Models were trained on a sub-sample of the rugby union data to ensure their performance was only evaluated against a separate, unseen subset (Guyon, 1997). A stratified group 10-fold cross-validation method was used to prevent data leakage, ensuring phases from the same match were only present in a single subset. Models were iteratively trained and validated, and later evaluated for generalisability on a separate test subset (Davis and Goadrich, 2006).

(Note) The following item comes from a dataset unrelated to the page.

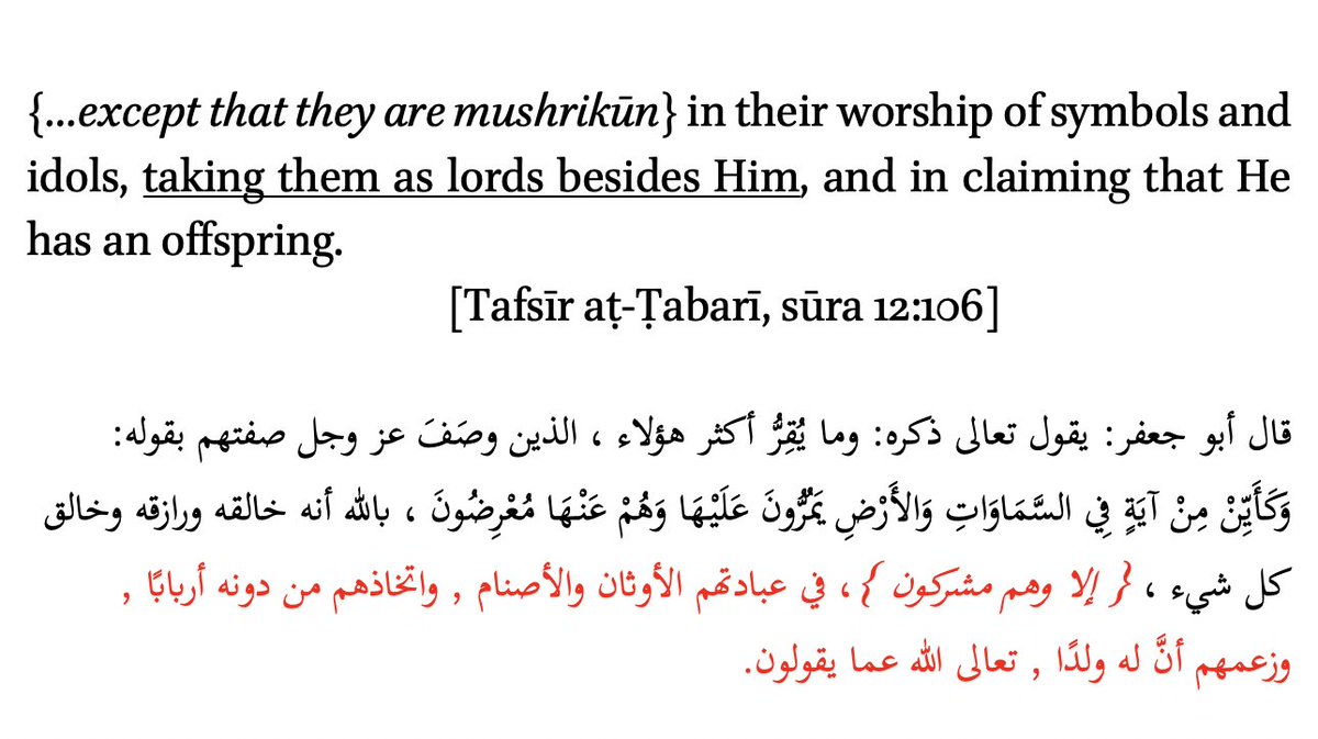 For those new to this topic, Salafis use this to say that the mushriks did not believe their idols to be ๐๐๐๐๐ (having ownership/power over creation), since they believed Allah ๐๐๐๐๐ had this status (๐ก๐๐คโ๐ฬ๐ ๐ข๐-๐๐ข๐๐ขฬ๐๐๐ฆ๐ฆ๐โ).

Hyperparameter optimisation was performed using Optuna (Akiba et al., 2019) to identify optimal model configurations. Optuna is an optimisation framework that dynamically explores model configurations by pruning unpromising models and applying parallelisation to concurrently execute multiple trials (Akiba et al., 2019). The number of trials was adapted to each model’s computational demands: multinomial logistic regression used 1,000 trials per iteration in the group 10-fold cross-validation method (10,000 total), random forest and KNN used 500 trials per fold (5,000 total), while SVM used 100 trials per fold (1,000 total).
The optimisation process explored a balance between model complexity, regularisation techniques, optimisation algorithms and decision boundary characteristics (Table 4). Multinomial logistic regression was tuned for regularisation strength, type and solver algorithm (Hosmer et al., 2013). Random forest hyperparameters included ensemble size, splitting criteria and class imbalance strategies (Breiman, 2001). Support vector machine optimisation covered regularisation strength, kernel types, gamma values and decision function shapes (Andrew, 2000). K-nearest neighbors was optimised for number of neighbours, weighting schemes, search algorithms, and distance metrics (Cunningham and Delany, 2007).
Hyperparameters explored for different models.
Each model’s best-performing configuration was evaluated using classification reports and confusion matrices to identify biases. The detailed model development, tuning and evaluation provide an exhaustive comparison of these four classification algorithms. This helps identify their predictive potential while highlighting the inherent challenges of modelling Expected Points in rugby union.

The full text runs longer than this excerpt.